The onscreen interfaces that give us Shakespeare and Heywood’s plays today are not transparent windows onto the text themselves; they define and regulate a field of visibility, as do all forms of curation going back to the early copies, which also carried biases.

What I would emphasize is that we don’t know what we’re missing until it’s possible to see it. We can’t see the blank pages or the invisible ink if we’re experiencing a book through decisions that have already eliminated the possibility of seeing them.

A copy is not an edition

This is true for all books, but especially early modern books: no two copies are the same, whether through the process of how they were printed or their subsequent use by readers. The practice of stop-press changes ((These are usually called stop-press corrections, but as bibliographers will tell you, some of the changes are not corrections in the sense of fixing an error and it can be hard to tell which of two, or three, states is the first and which the latest.)) being made at any stage of production, and at multiple stages of production, and the habit of mixing sheets so that “uncorrected” sheets can appear in the same copy as “corrected” sheets, means that any book that had changes made during the printing process will exist in different states. Nor are those states typically indicated on a book’s title page or (depending on how important a book is seen as being and how well cataloged it has been) in its bibliographic record. You can only find these variants by looking at multiple copies of a single edition–hence the brilliance of things like the Hinman collator, the Lindstrand Comparator, the McLeod Portable Collator, and Hailey’s Comet, all devices that allow their user to compare multiple copies of books without actually reading them. (Reading, as any copy editor will tell you, will only distract you from what you’re actually seeing on teh page; collators–or, as I like to think of them, the original textual/machine hacks–let you look instead of read.) ((Interested in learning more about where you might see a collator in real life? Check out Steven Escar Smith’s “‘Armadillos of Invention’: A Census of Mechanical Collators” Studies in Bibliography 55 (2002): 133-70;

Why do we care about these textual variants? We might care because they tell us something about how the book was made, because it might say something about economic or societal pressures (if they were changes introduced in response to something other than correcting an error), or because the presence of and differences between states might help us understand the range of textual meaning available.

One example of the stop-press changes can be seen in the second quarto of Hamlet, in which Hamlet’s lines to Osric exist in three states, two of which can be compared in the Shakespeare Quartos Archive:

We are in no danger of missing the many textual variants of any of Shakespeare’s plays. But imagine if we were talking about, say, a Webster play, or a poem in praise of Queen Elizabeth. Those have not been as extensively, even fanatically, collated as Shakespeare’s works have. Nor have the funds been lavished on reproducing many digital surrogates of a single edition, as they have with Hamlet.

Remember above when I pointed out that some copies of The General History of Virginia have an errata slip, but others do not? If you encounter a digital surrogate of a copy that has the slip, you will treat that copy as if it represents the entire run of that edition, as if all copies of that edition of General History have errata slips. What is the characteristic of a single copy becomes a characteristic of the edition. But a copy is not an edition; what is unique to a copy is not common to the edition.

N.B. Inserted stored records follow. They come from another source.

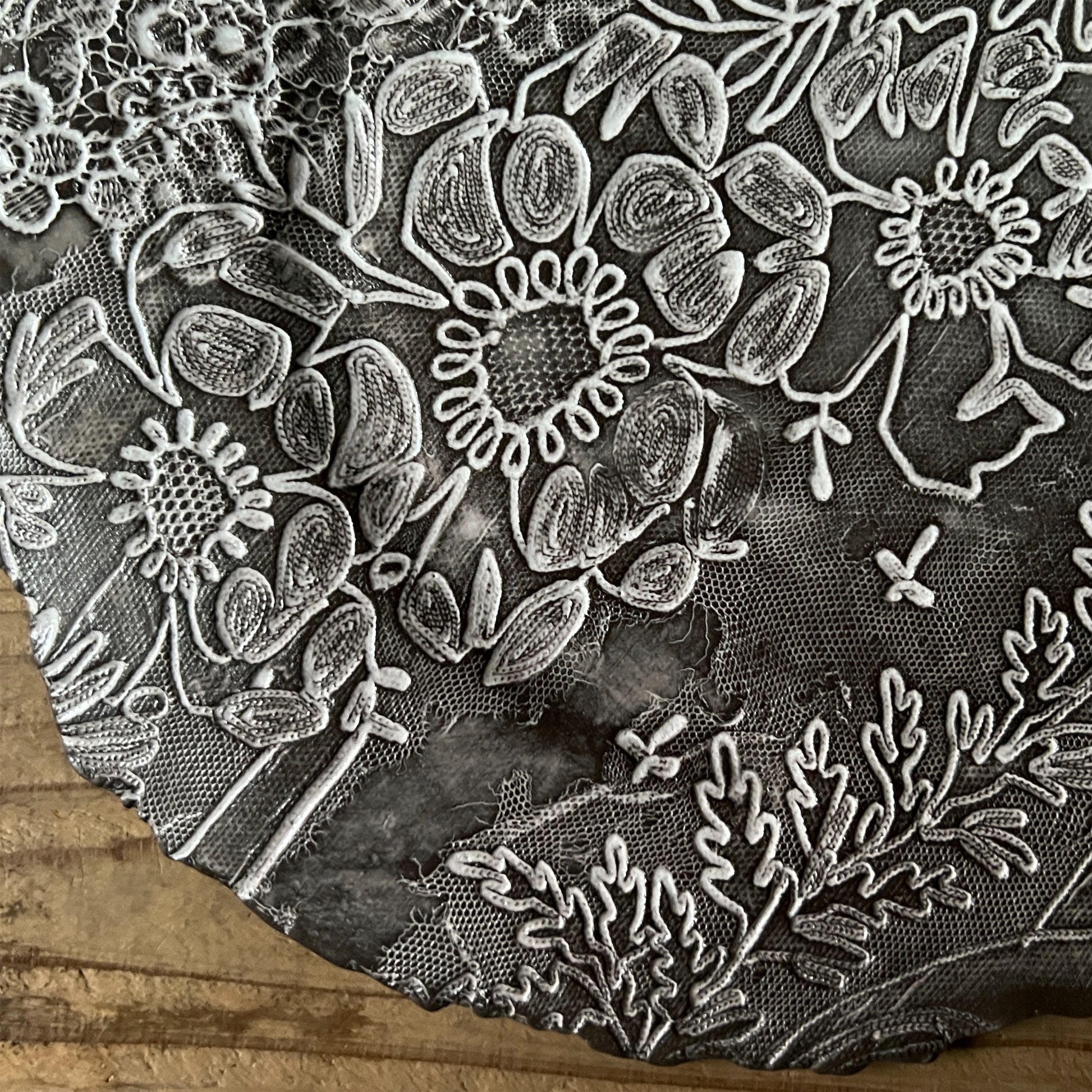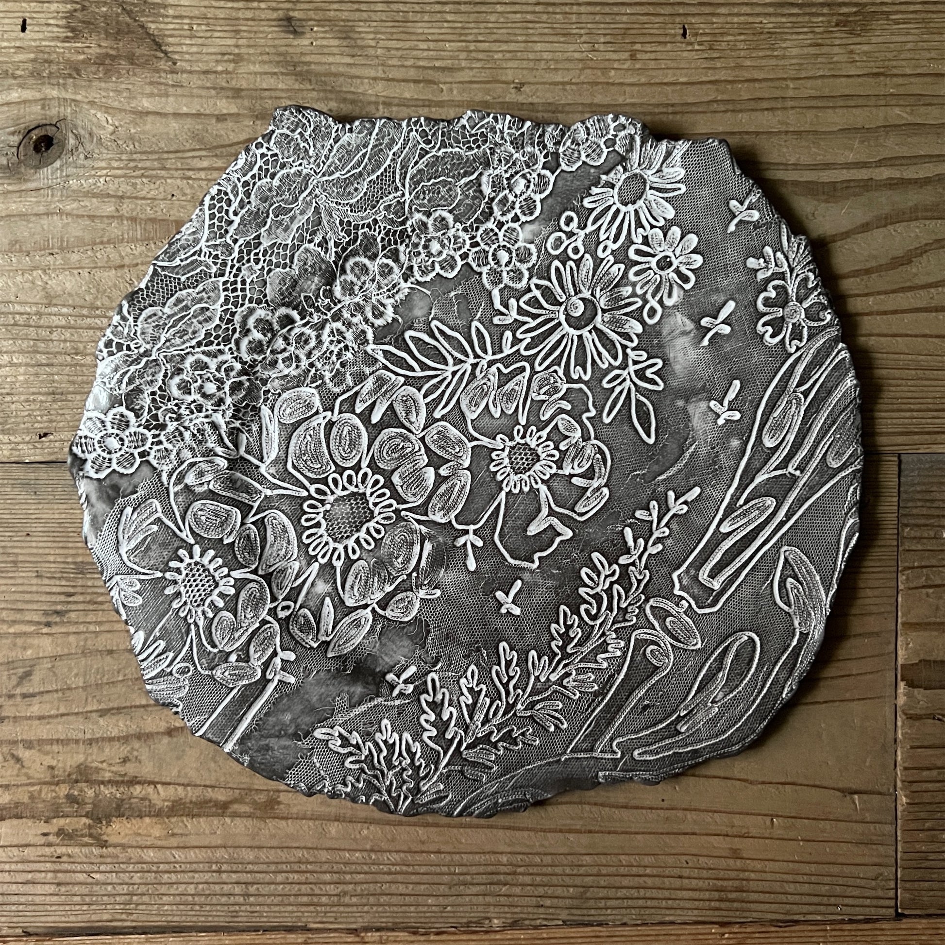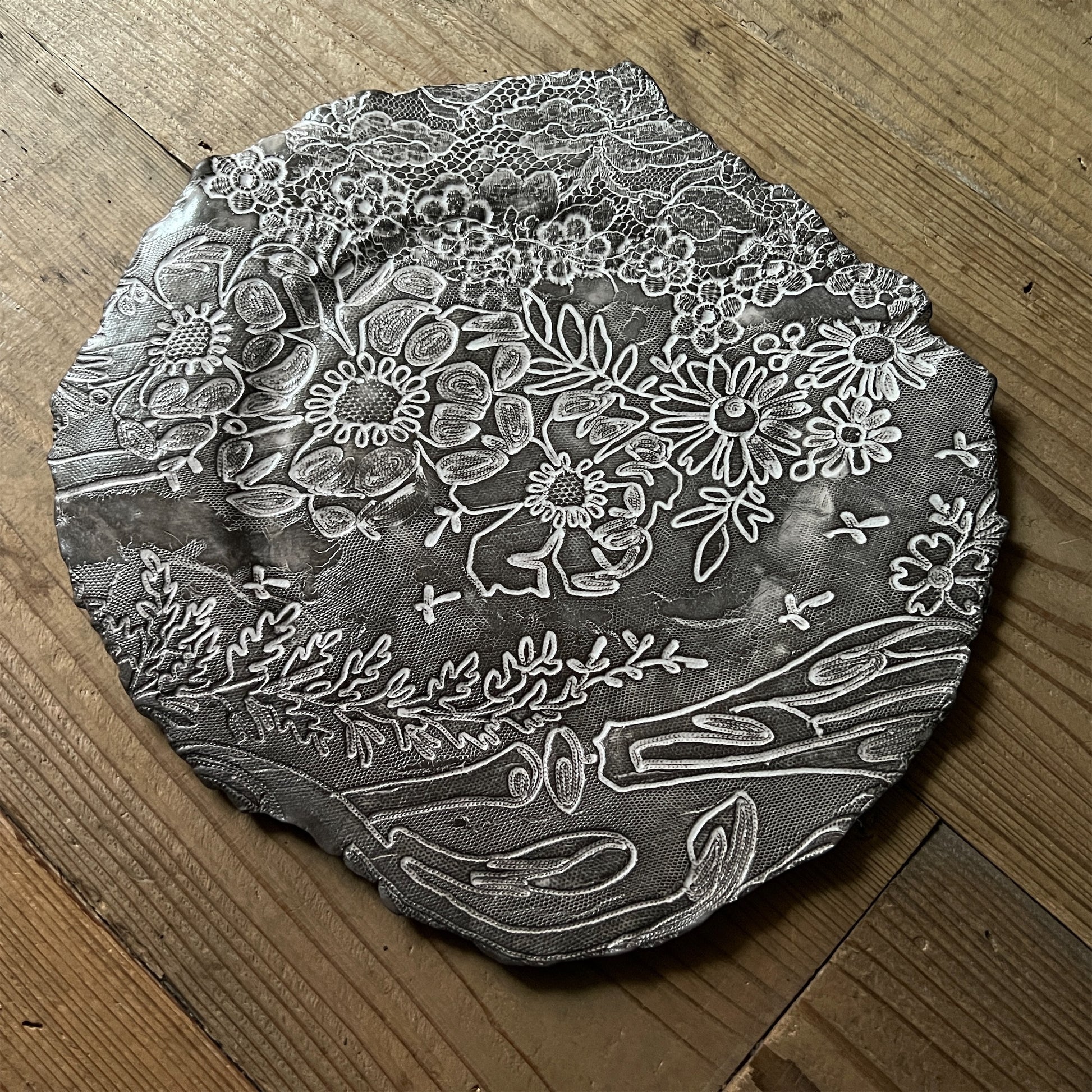 フランス人アーティストのヴァレリー・カサドが独自の手法で制作するセラミック作品。南仏ソルグ島のヴォクリューズに工房を構え、感性の赴くままに手を動かして造形しています。布地のように薄く柔らかなフォルムで、粉砂糖をまとったお菓子のような表情があります。古いものに関心の深い彼女が集めたアンティークのレースやボタンで表現された美しいレリーフが魅力。作家の優しさが伝わってくるような、ひとつとして同じものがない作品です。*手作りのため、形や風合いには個体差があります。
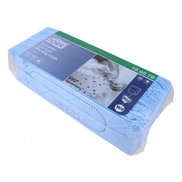 Czyściwo włókninowe marki TORK składa się z mieszanki poliestru i polipropylenu. Produkt w kolorze niebieskim jest dostarczany w opakowaniu zawierającym 80 sztuk arkuszy o wymiarach 324x390 mm.
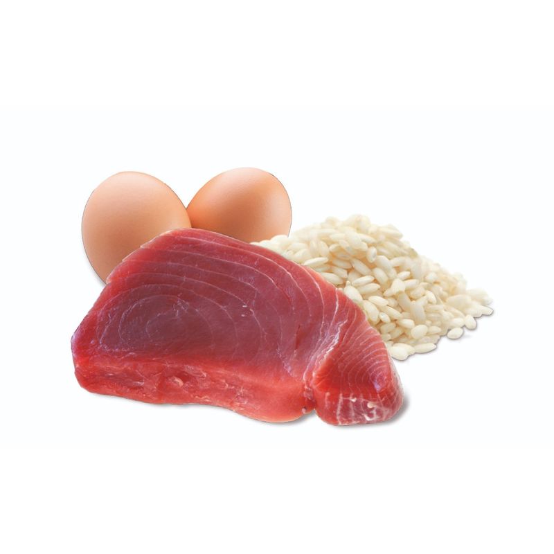 •Contiene ingredienti 100% naturali e il 75% di carne o pesce.

This list of possibilities has gone on long enough. Nearly everything I write about on this blog dwells on what we discover from looking at one copy of one book. If you’re curious to see more examples of what you might find from looking at physical books rather than digital surrogates, try some of the following posts in addition to the ones I link to above about blanks and Frances Wolfreston: “an armorial binding mystery“, focusing on overlapping book stamps; “essayes of a prentise“, about the significance of the binding on a volume of James I’s writings; “David and Goliath, redux“, about finding the same pattern of embroidered bindings; and “bibles for historical occasions“, in which I think about, um, bibles used on historical occasions.

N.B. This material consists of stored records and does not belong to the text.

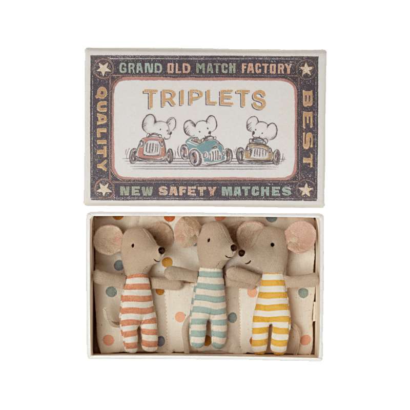 En klassisk Maileg-vare. Nu kan du have tre babymus på samme tid. Put forsigtigt trillingerne...
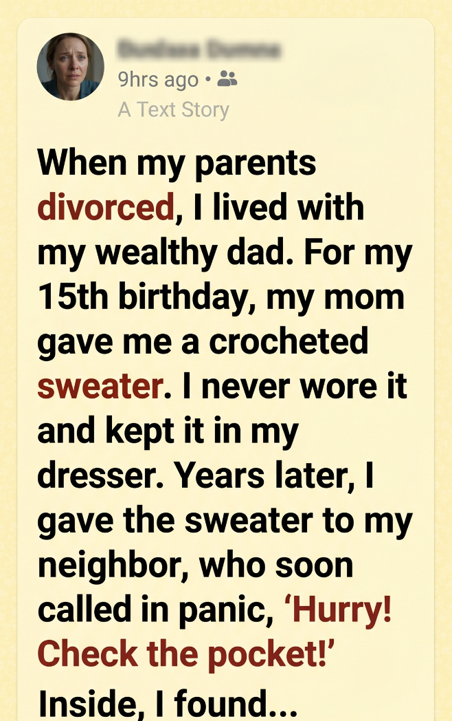Eventually, I moved into a small house in a quiet neighborhood. One day, while cleaning out old drawers, I found the sweater again.
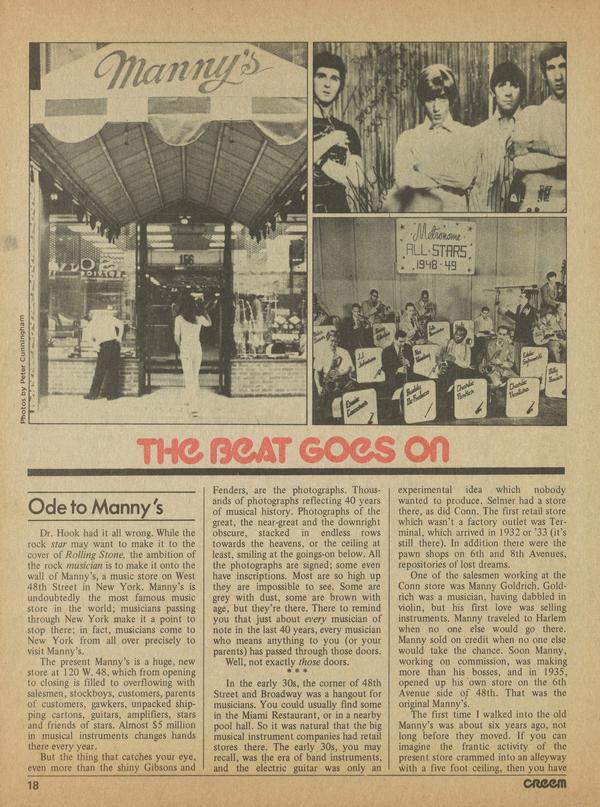 Dr. Hook had it all wrong. While the rock star may want to make it to the cover of Rolling Stone, the ambition of the rock musician is to make it onto the wall of Manny’s, a music store on West 48th Street in New York. Manny’s is undoubtedly the most famous music store in the world;
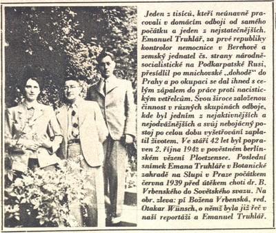 Hluboce zarmoucena sděluji Vám, že můj statečný Bedřich, dne 6. III. t.r. v den svého svátku, o 13. hodině mne navždy opustil. Na oltář vlasti dal to co měl nejcenějšího – život.

I would love to hear more thoughts from you on this subject, particularly of lucid examples of what we can learn from looking at physical books beyond the sort of intangibility of emotions that books can evoke.

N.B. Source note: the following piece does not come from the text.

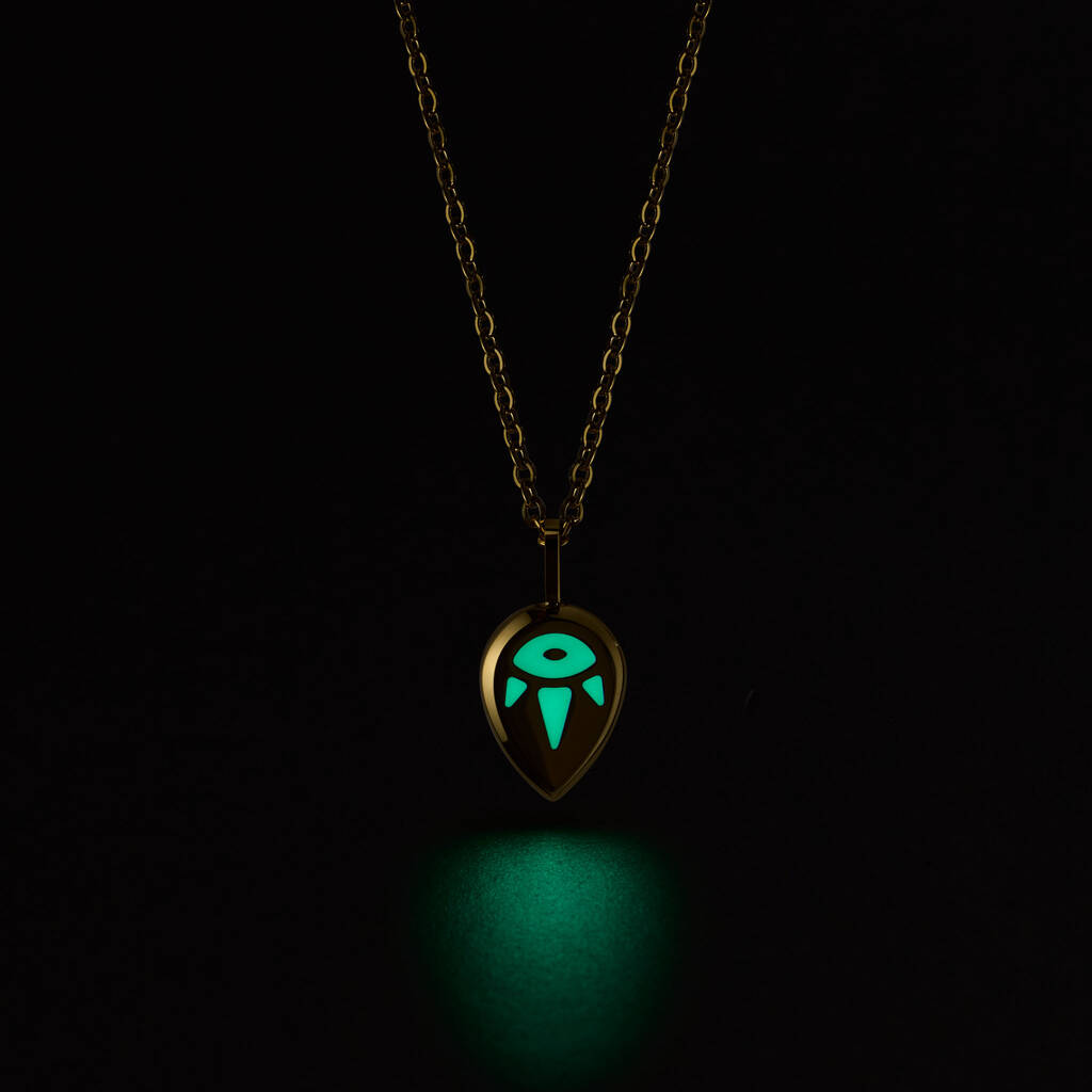Turquoise Serene Mint Green Glowing Pendant Necklace With Uv Keyring Torch

21 thoughts on “the serendipity of the unexpected, or, a copy is not an edition

  1. Great post Sarah, and I am still letting it ruminate, but a couple of points maybe to consider (love the gesture to Jeff Knight’s piece and the links to the collators!). First, it seems that the privileging (and I know you aren’t trying to grandly valuate) of the physical object over its “digital surrogate” only works at the user interface, at a certain level of knowledge on the part of the user. Matthew Kirschenbaum and others would have a better take on this, but treating a digital object with full biblio/(dato)graphic care would involve going “behind” that interface to the metadata or the code (digital objects are made as well). Once that is done, or as that is done, the “reader” reads the digital object in a very similar way to that of the book as object: i.e. someone viewing a digital reproduction without a little bit of DH expertise is like someone viewing a book without a little bit of BH/bibliography expertise. So, in a way, we are relying on “digitization to convey” certain elements that books themselves don’t generally to the reader non-conversant or interested in the bibliographic code. We have to improve our literacy with digital objects, be they digitized books or otherwise. Second, I wonder about your comment: “When you look at a digital surrogate, someone has already made the decision for you about what you want to see and how you are going to use it.” In perhaps a slightly more serendipitous way reception-wise and survival-wise, but probably similarly on the production side, this is absolutely true for books as well. Whether using model books from the Middle Ages for the format and design of incunabula and early printed books, or the capitalist conventions for trade publications and design structures that had been standardized during the Machine Press era…booksellers/financiers, political/social contexts, printers, (later) publishers, and even authors, made the decision about what they wanted the reader to see and how it was going to be used. Now, of course, as Bill Sherman (for EME) and others have admirably pointed out, readers worked against these prescriptions and used books in a myriad of unpredictable ways…but the same can be said for digital objects and texts, no? After all, what does hacking (rigorously defined) constitute?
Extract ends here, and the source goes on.